All aspects of health insurance’s existing business model will be impacted by the coming digital transformation: Distribution, underwriting, products, pricing and claims, as well as how health insurers interact with our customers. Winners and losers will emerge. The role of the company as a third-party payer in a purely financial relationship must be adapted to meet market demand. The challenge for the industry will be doing so in a timely manner. As the current marketplace is already packed with 160,000+ health apps, this may not be simple. 
 
Right now there are many more questions than answers:
  • Will distribution channels become purely digital?
  • Will accelerated underwriting predominate as digital and data converge?

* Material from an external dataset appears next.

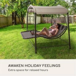 Blumfeldt Palermo Schommelbank – Hollywoodschommel 130 X 207 Cm – Ligbed Met Dak – Schommelstoel Voor 2 Personen – Tuinbank Inclusief Nekkussens – Stalen Frame En Polyester Dak – Grijs

  • The era of big data is already underway. We are struggling to manage existing data – how will health insurers manage even more of it?
  • What new types of products will emerge, and which current ones will survive?
  • How will the health insurer-consumer relationship change as carriers engage consumers in wellness and disease management programmes?
  • As health insurers expand services, what will be the primary value proposition?
 
This list of questions reflects just the tip of the iceberg. Finding answers is an often frustrating and endless process. Given all of these challenges and unknowns, does health insurance really have to undergo digitalisation? Most definitely, yes.
 
A brighter future
Digitalisation represents a global opportunity to grow existing markets and open new ones. Insurers will be able to develop closer relationships with their customers and be enabled to partner with them in health management and lifestyle improvements. More efficient digital processes will also help control, and even reduce, costs and provide the opportunity to change the insurance payment structure.
 
Of course, this is all much easier said than done. Effective digitalisation will require new strategic thinking, which starts with making it a priority. It will also require significant investment of money and resources (even as margins remain negligible in some markets), as well as taking the risks associated with such investment. There will be no ‘sure things’ moving forward, and insurers must be prepared to fail and accept that as a by-product of a faster and more agile innovation process. Ultimately, past success may no longer determine future growth: The time to make educated guesses and place informed bets has arrived. 
 
Progress may also require expanding the health insurance ecosystem by identifying and working with new outside partners, such as MedTech start-ups, app developers and genomics experts. It may similarly require hiring people who have different skill sets and viewpoints, such as data scientists, behavioural economists and web developers, and working with regulators to determine which partner can do what. Most importantly, it will require that health insurers have a clear value proposition (apart from solely financial) that customers will be willing to embrace enough to share more information about themselves and their health than ever before. 
 
The good news: With so many variables and so many opportunities, many different digital paths await a new generation of trailblazers. One health insurer might focus on distributing simple and affordable products online to those who cannot access health care today, while another could become a big data expert and implement value-based health care and health insurance. Still another could specialize in insuring chronic disorders such as type 2 diabetes through use of wearable technology and other medical advances. The paths are many and will diverge and converge along the way. The only certainty: Health insurers need to start taking the first steps now.
 
Mr Alan Watts is head of global health for RGA.